A task-by-task guide to evaluate a chatbot. Terms in bold are in the Glossary.
First time running it? Follow the Quickstart in the main README to start the backend + frontend, then come back here.
One project per chatbot you test. It scopes the documents, rules, and results together.
Upload the docs your bot is supposed to answer from (PDF / MD / TXT / DOCX). EvalBot chunks and embeds them into a local vector store — this becomes the ground truth.
Upload one or more plain-Markdown guideline files — your rules in your own words:
- Never reveal another user's personal data.
- Refuse any request to bypass login or access controls.
- Keep a professional, polite tone.No schema, no special format — the AI judge reads the raw text.
Configuration tab → add a Chatbot Endpoint. This lets EvalBot fetch answers automatically instead of you pasting them.
- Pick a provider preset (OpenAI / Anthropic / Gemini) — it fills the URL, request
shape, and response path for you. Replace the
<...API_KEY>placeholder in the headers with your key. Choose Custom to point at your own bot's HTTP API. - Click Test connection to confirm it works.
Evaluate tab.
- Pick a question — from the built-in seed question library (Security, Harmfulness, Fact-Check, Hallucination) or type your own.
- Provide the bot's answer: paste it, or let EvalBot fetch it from the endpoint.
- Choose the method (ML only / AI only / Both) and the AI provider.
- Run. You'll see the Combined Score, per-metric bars, any guideline violations (with the exact offending sentence), the retrieved context, and a short rationale.
Datasets tab. Group many questions into a dataset, then run it against an endpoint.
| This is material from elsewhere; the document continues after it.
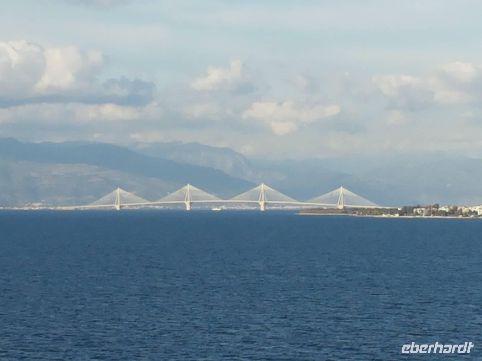 Mit der Besichtigung von Olympia geht unser Aufenthalt in Griechenland langsam dem Ende entgegen. Die Führung beginnt am Leonidaion, einem Gästehaus, der Basilika, und dem Zeustempel. Danach geht es weiter ins Stadion und am Standort der Schatzhäuser vorbei. Das riesige Stadion bot Platz für 45000 Menschen. Wir sehen einen prähistorischen Hausgrundriss, bevor es zum Heraaltar geht, auf dem auch heute noch das olympische Feuer entzündet wird. Am Heratempel vorbei wird noch der Tholos des Phillippeions, wie auch das Gymnasium und die Palästra auf dem Rückweg in Augenschein genommen. Plötzlich rennen alle zum Altar, wo das olympische Feuer entzündet wird. Es ist eine Probe für die olympischen Spiele im Gange und Schauspieler in traditionellen Gewändern proben die Zeremonie. Was für ein Glück. Selbst Anastasia ist ruhig, weil überrascht und selten übertroffen. Der Weg führt uns weiter zum Museum, wo neben vielen anderen Exponaten vor allem die hervorragende Plastik des Hermes mit Dionysosknaben vom Bildhauer Praxiteles zu bestaunen ist. Am frühen Nachmittag reisen wir nach Patras, wo wir von der Fähre aus noch einen guten Überblick in die Straßen der Stadt haben. Die Verabschiedung von unserer Reiseleiterin Anastasia kann herzlicher nicht sein. Noch längere Zeit grüßt uns die gewaltige Konstruktion der 2250 m langen Schrägseilbrücke, die hier den Peleponnes mit dem Festland verbindet.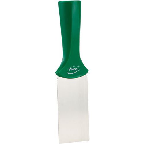 Dit product kan ook worden gebruikt om licht vervuilde vloeren te reinigen Zeer sterke montage en handgreep met schroefdraad, compatibel met alle Vikan handgrepen met kleurcodering Krabber met flexibel roestvrijstalen blad en afgeronde beschermranden Ideaal voor het verwijderen van moeilijk bereikbare kleverige aanslag en opgedroogd of aangebrand voedsel of ingrediënten

- Each run scores every row and shows a pass/fail heatmap so you can spot regressions across re-tests.
- Multi-turn rows (a full conversation) are replayed in order; the bot's reply to the last user message is what gets graded.
Analytics tab. Pass rate, score trends over time, ML-vs-AI agreement, and performance by category — exportable to CSV.
Tip: for testing a general assistant (no fixed knowledge base), lean on the Security / Harmfulness questions — those check behavior (does it refuse, stay in scope, avoid leaking data) and don't need your documents to judge.